On October 10, 2014, The Real Estate Finance Bureau of the New York State Attorney General’s office released a memorandum on a policy change that could potentially preserve thousands of affordable housing units in New York City. Currently, most of the city’s affordable housing units are in mixed-income rental buildings that have an 80/20 split between market rate and affordable housing rentals. The developers of these buildings agreed to keep at least 20% of their rental units as affordable to those making up to 60% of the area median income in exchange for extra floor space, tax exemptions or other subsidies. According to the Attorney General Office memorandum, many of the buildings which participate in such programs are required to maintain their affordable housing units for at least 30 years as well as keep all of the units in the building as rentals.
In today’s real estate market however, many building owners would rather sell their market rate units than keep them as rentals. The New York Times reports that “Figures from the Rent Guidelines Board show that the city lost a total of 1,719 rent-stabilized units last year to either the expiration of benefits or overall conversions of rental buildings to condos and co-ops.” After the required time period, building owners frequently choose to turn the affordable housing units into market rate rentals or market rate condos or co-ops.
The exemption proposed by the Real Estate Finance Bureau would allow the owners of the buildings to sell their market rate units instead of keeping them as rentals, as long as they keep at least 20% of their affordable housing units permanently affordable.
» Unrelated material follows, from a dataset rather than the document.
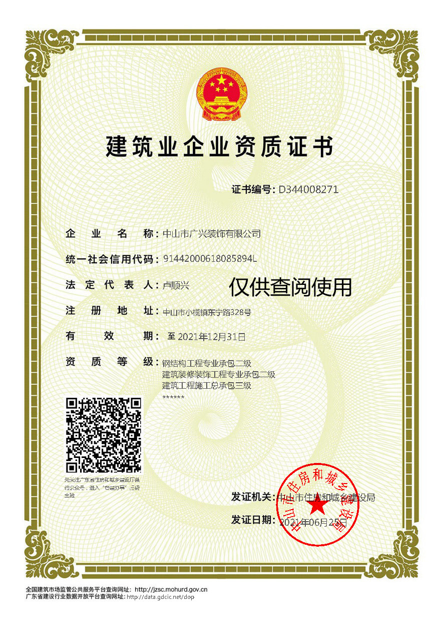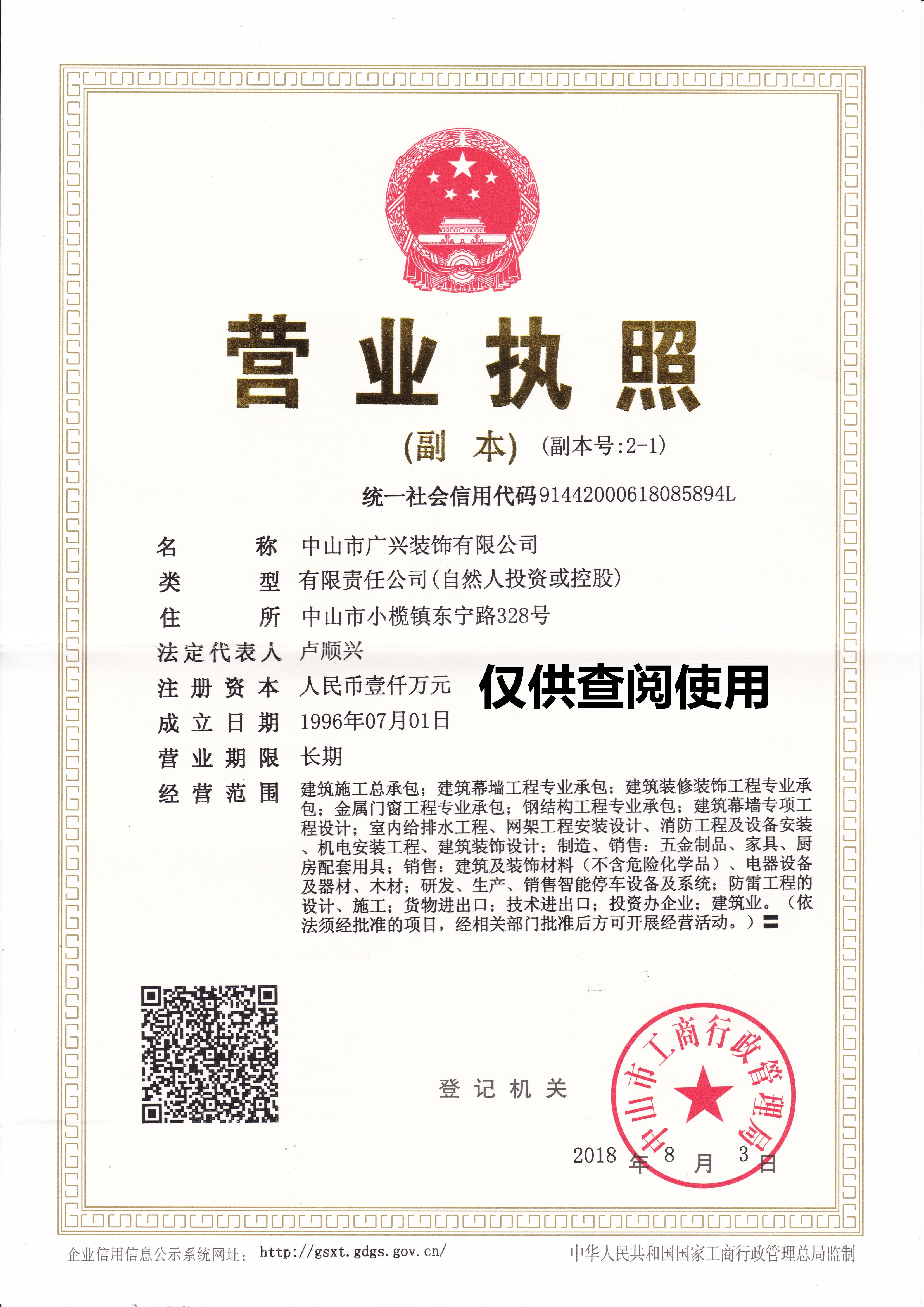 中山市廣興裝飾有限公司創(chuàng)建于1985年,是一家集鋼結(jié)構(gòu)、建筑、幕墻、裝修裝飾、鋁合金門(mén)窗專(zhuān)業(yè)的設(shè)計(jì)、加工及施工安裝為一體的大型綜合性建筑企業(yè)。公司總部位于中山市小欖鎮(zhèn),在中山和珠海均建有生產(chǎn)加工基地,總占地面積60000多平方米。

With a strong real estate market, it may be more profitable to sell the apartments rather than keep them as market rate rentals.
Although this attempt to preserve affordable housing may fall in line with Mayor DeBlasio’s ten year housing plan, Housing New York, it may not be as effective as the city hopes it to be. For those who do apply, there are large profits to be gained. Because these mixed income buildings may have taken advantage of land rezoning or tax breaks, taking advantage of this exemption provides a financial windfall in addition to the profits they are already making. While this may be an attractive option for some mixed income building owners, many may not apply.
There are many reasons why building owners might not opt into this program. One of them is that their building’s affordable units may be close to the end of the required time period. If a building is only required to keep its affordable housing units for another five years or less, there is no incentive for the owner to apply for this exemption. It would be more profitable to wait for the time to expire and turn the entire building into a condo or co-op. Another reason could be that the current residents of the market rate units would the ones presented with the option of buying their unit. If there isn’t enough interest in buying the apartments, the building owners won’t apply for this exemption. There needs to be another incentive for this program to effectively preserve affordable housing in New York City.